** PROBLEM TO WORK ON **
Leaving out all pictures, give again each line exactly, from the start of the listing through the line that contains "Explain the purpose".

** DATASET SECTION **
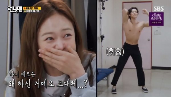 15일 방송된 SBS ‘런닝맨’에서는 일명 ‘제로투 댄스’를 선보이는 경호원 춤사위에 시선을 빼앗긴 전소민 모습이 그려졌다.
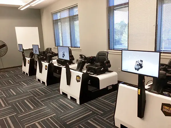 Explain the purpose and benefits of Virtual Forklift Simulation. Explain the concept of vection, the discomfort people feel discomfort when the movement they see doesn’t match the movement they feel. Be willing to explain your own experience with vection. There’s no shame in admitting you know how it feels. It will even give them the feeling that it’s ok and may reduce stress in the student. The Forklift-Simulator experiences have been designed to minimize vection, but it can take time for some users to acclimate to Virtual Reality. Those first few visits may be the most crucial for overcoming physical discomfort and confidence.
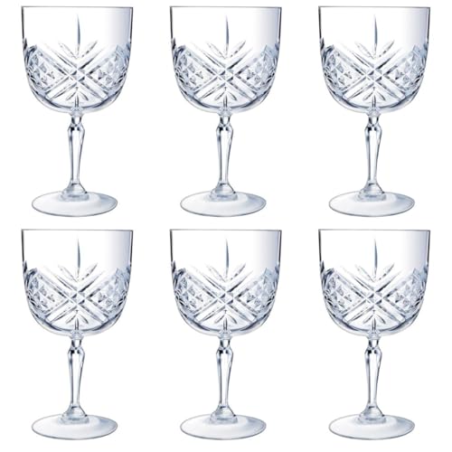 Gin Sul Gingglas set om 6 – Gin-tonic ballongglas med tryck – hög kvalitet, diskmaskinssäkra, magra copa-glas för drycker, aperitifer, cocktails – 19,5 x 10,9 cm – 620 ml
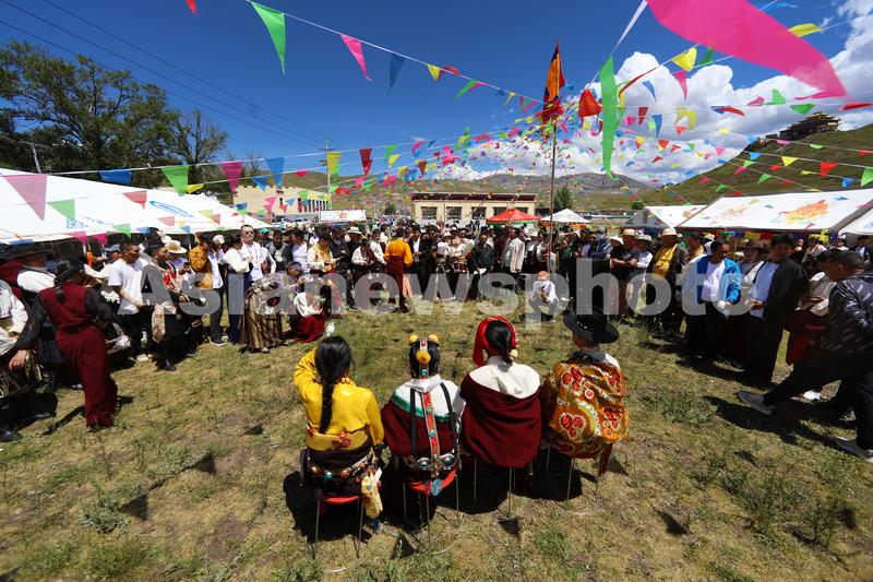 图片说明:8月8日,新郎尕玛久美和新娘扎西曲忠的藏族婚礼在青海省玉树藏族自治州囊谦县巴米村举行。

** ANSWER BELOW **
 15일 방송된 SBS ‘런닝맨’에서는 일명 ‘제로투 댄스’를 선보이는 경호원 춤사위에 시선을 빼앗긴 전소민 모습이 그려졌다.
 Explain the purpose and benefits of Virtual Forklift Simulation. Explain the concept of vection, the discomfort people feel discomfort when the movement they see doesn’t match the movement they feel. Be willing to explain your own experience with vection. There’s no shame in admitting you know how it feels. It will even give them the feeling that it’s ok and may reduce stress in the student. The Forklift-Simulator experiences have been designed to minimize vection, but it can take time for some users to acclimate to Virtual Reality. Those first few visits may be the most crucial for overcoming physical discomfort and confidence.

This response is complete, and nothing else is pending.